AIM OF THE TASK - Write out, exactly and in full, the line where "[解析]看图可知,第二小组有" appears together with all lines that follow it in the entries below. Do not include pictures.

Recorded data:
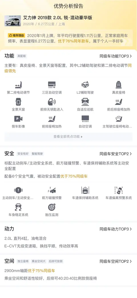 综上所述的新车含税价、用车成本、市场行情、优势分析、同款比价等数据仅供参考。在配置部分,因为二手车非标品,车辆可能会存在配置改装的情况,具体车况信息需要线下结合车辆实际情况进行综合参考。
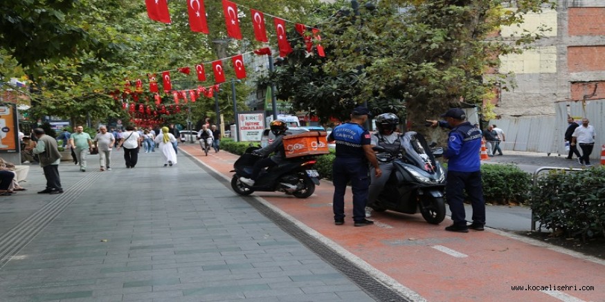 Kocaeli Büyükşehir Belediyesi, İzmit’in en işlek bölgesi olan Cumhuriyet Bulvarı’nda yayaların güvenliğini en üst seviyede sağlamak için çalışmalarını sürdürüyor. Her gün on binlerce kişinin kullandığı bulvarda, motosiklet ve akülü bisiklet kullanımı yasaklanmıştı. Zabıta ekipleri de gün içerisinde bulvarda sürekli devriye gezerek bu araçları kullanan sürücüleri uyarıyor. Yasağa uymayan motosiklet ve akülü bisiklet sürücüleri, araç yoluna yönlendiriliyor.
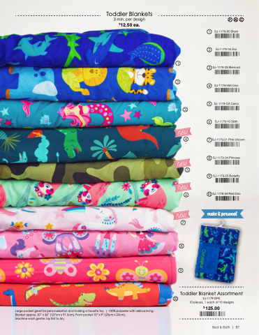 Large pocket great for personalization and holding a favorite toy | 100% polyester with velboa lining. Blanket approx. 50” x 36” (127cm x 91.5cm). Front pocket 10” x 9” (25cm x 23cm).
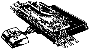 The mechanism of most unloading cars, such as the Milk Car and the Coal and Lumber Dump Cars, is powered by a built-in electrical coil, or solenoid which gets its current from the track through the two sliding contact shoes on the bottom of the car. To operate such cars position them on the remote control section so that both contact shoes rest on the auxiliary control rails (See Figure 16). Then press "Unload" button on the controller.
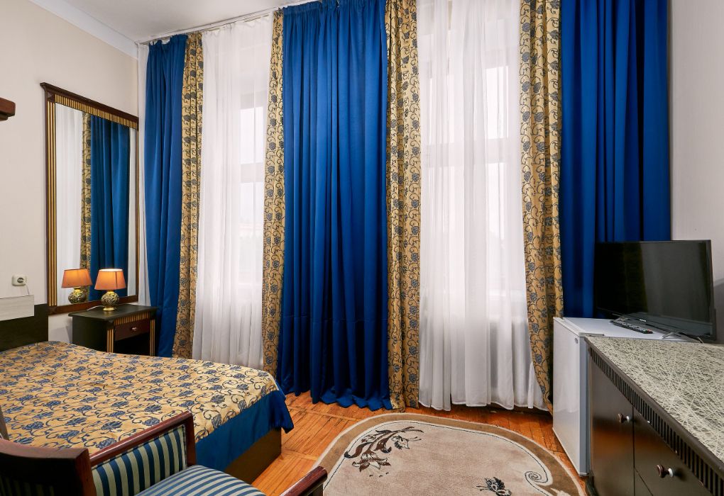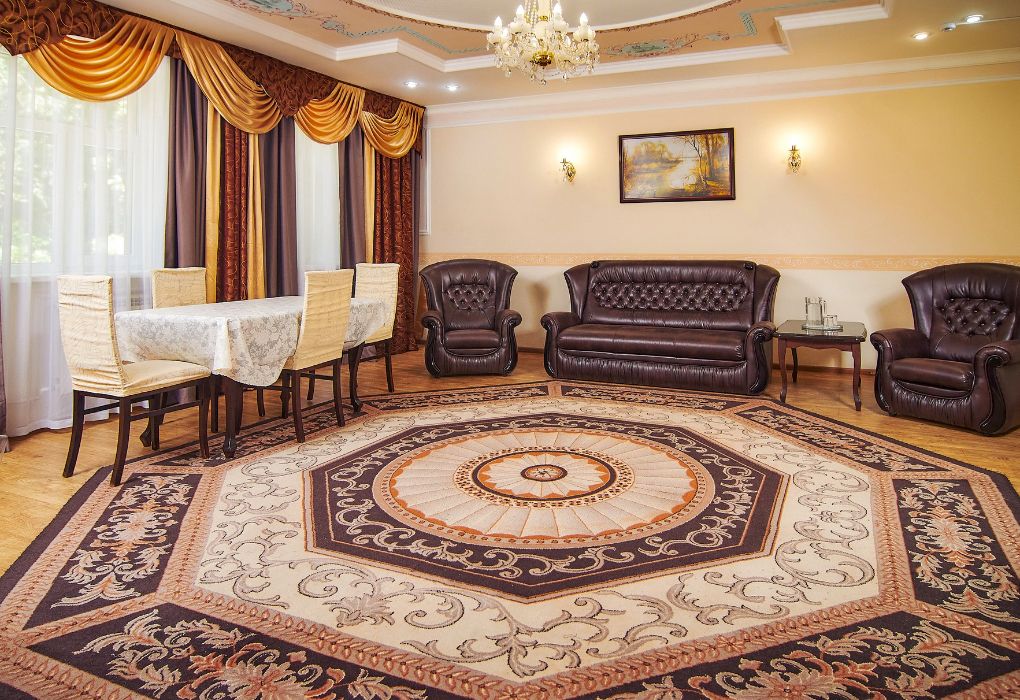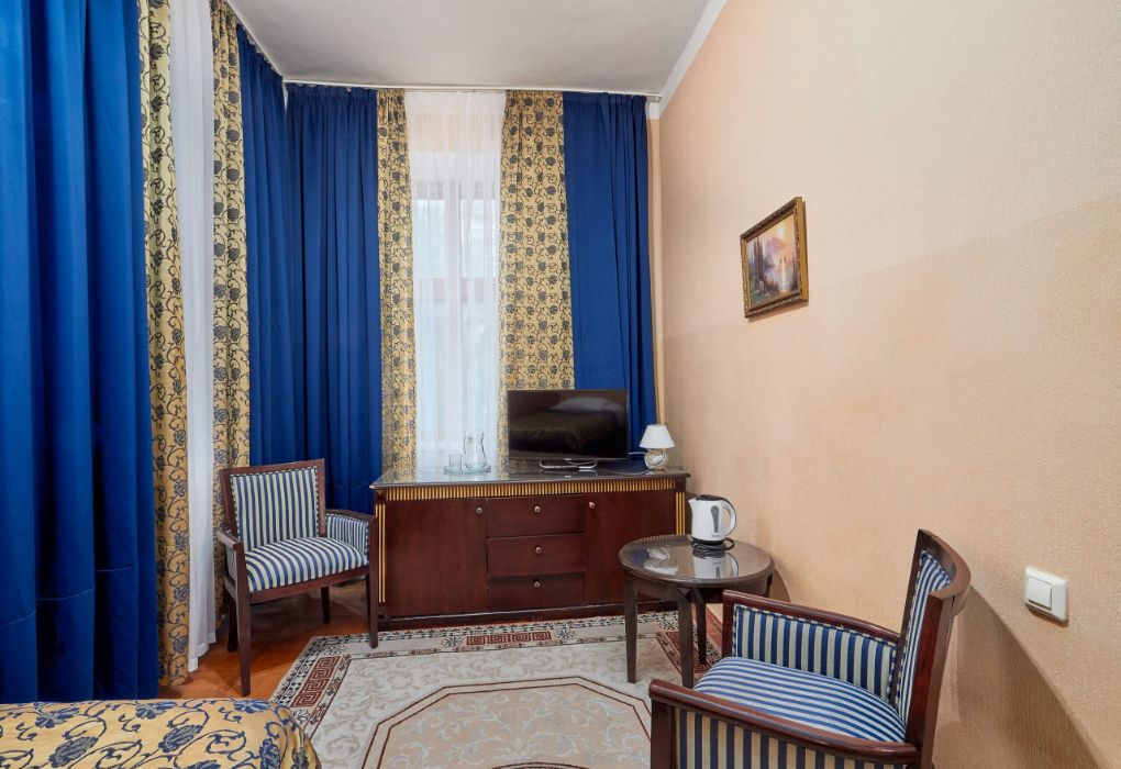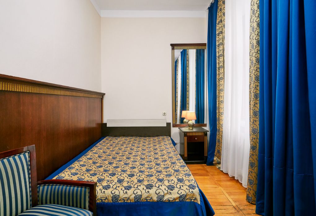 телевизор с множеством каналов, хорошее освещение, сантехника вся блестит. Очень понравилась идея с полотенцами. Два набора разного цвета, чтоб не путать. Не было полотенца для ног. Из ванных принадлежностей только кусочек мыла. Окна новые, с сетками, на балконе сушилка. Т.к окна выходили на главную улицу, спать мешали; то молодежь, то собаки их целая стая рядом живет, а под утро птицы щебечут очень громко. Мы спали с открытыми окнами. Фена и чайника нет. Есть кувшин и стаканы. Вода в кулере на этаже. Я заваривала кофе в термокружку и брала на завтрак. В коридорах ремонта пока нет, но все достаточно чисто, ухоженно. Сталинский ампир создает особое настроение! Особенно хороши ; обеденный зал и зал для выступлений. По вечерам в этом зале проводились поочередно танцы и концерты.
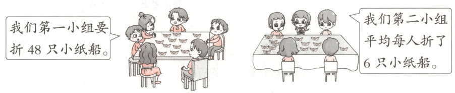 [解析]看图可知,第二小组有5人。求第二小组一共折了多少只小纸船,也就是求5个6是多少,用乘法计算。
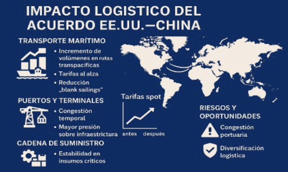 - Congestión temporal: Fenómeno de frontloading (adelanto de pedidos) genera saturación en puertos clave como Los Ángeles, Long Beach y Shanghái.
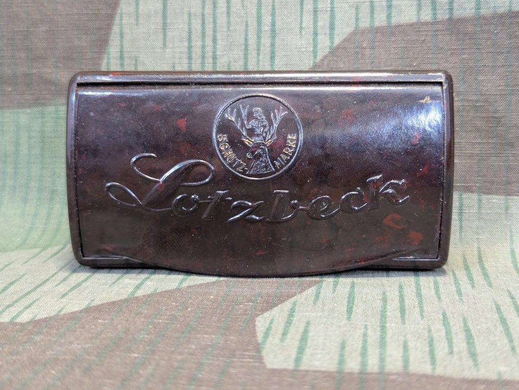 Period German Bakelite Lotzbeck schnupftabak container in good condition. Its actually fairly clean, just a little schmutz around the details of the logo on the lid.

PROBLEM SOLUTION -
 [解析]看图可知,第二小组有5人。求第二小组一共折了多少只小纸船,也就是求5个6是多少,用乘法计算。
 - Congestión temporal: Fenómeno de frontloading (adelanto de pedidos) genera saturación en puertos clave como Los Ángeles, Long Beach y Shanghái.
 Period German Bakelite Lotzbeck schnupftabak container in good condition. Its actually fairly clean, just a little schmutz around the details of the logo on the lid.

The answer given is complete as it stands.